Another hedge fund in this network is Magnetar Capital, whose chairman and senior partner is Michael Gross, formerly a founding partner of Apollo Management, which is run by Milken’s closest crony Leon Black. Magnetar featured prominently in the Milken network’s attack on biotech company Dendreon (see “The Story of Dendreon” for details). This hedge fund is currently under SEC investigation for helping to manufacture and sell doomsday CDOs that it was simultaneously betting against with credit default swaps. Reporter Yves Smith, who has been working on this story from day one, reckons that Magnetar’s bogus CDOs accounted, incredibly, for between 35% and 60% of the total demand for subprime mortgages in 2006.

Given that the economy was being set up for a collapse by hedge funds in this network, it is not surprising that it was Milken-affiliated hedge fund managers who were most prominently and vigorously shorting Bear Stearns, Lehman Brothers and other big investment banks that were on the receiving end of the fraudulent CDOs. These hedge fund managers include Greenlight Capital’s David Einhorn (who launched his career with the former top partner of Milken crony Carl Icahn, and likely worked in cahoots with Milken to attack a company called Allied Capital); SAC Capital’s Steven Cohen (who was investigated by the SEC for trading on inside information provided by Milken’s shop at Drexel Burnham); and Third Point Capital’s Dan Loeb (who got his start dealing in Drexel Burnham paper alongside Milken’s former employees at Jeffries & Co.).
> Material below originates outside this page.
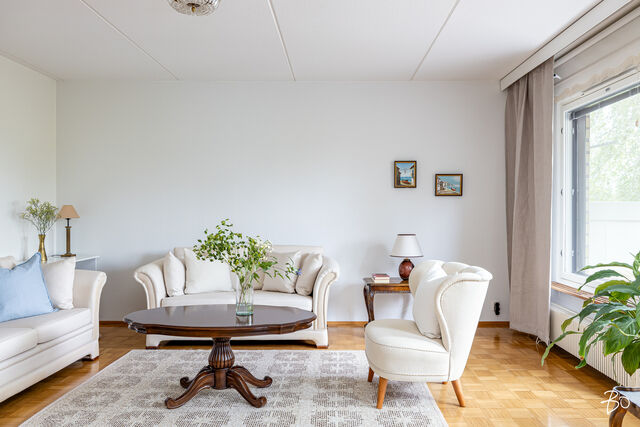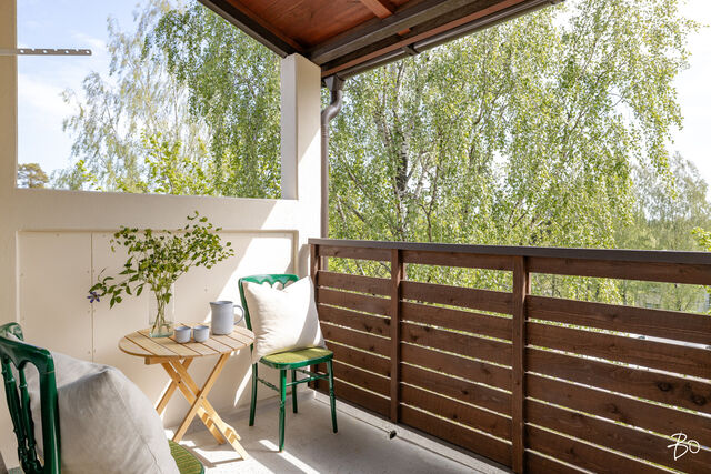 Erityisen tilava ja hyvin valoisa koti. Asunnon molemmin puolin olevista ikkunoista kuvastuu raikkaan vehreät maisemat. Kaunis puusto rauhoittaa mielen ja tuo näkösuojaa.

It is also important to note that the pump-and-short CDO scam could not have happened without the help of American International Group’s financial products unit, which sold a lot of the credit default swaps that the hedge funds used to bet against the CDOs. That unit at AIG was run by Joseph Cassano, formerly one of Milken’s top lieutenants at Drexel Burnham. Did Cassano know that the CDOs were designed to implode? Perhaps not, but it is safe to assume that his relationships with the hedge funds creating the CDOs influenced his decision to insure them.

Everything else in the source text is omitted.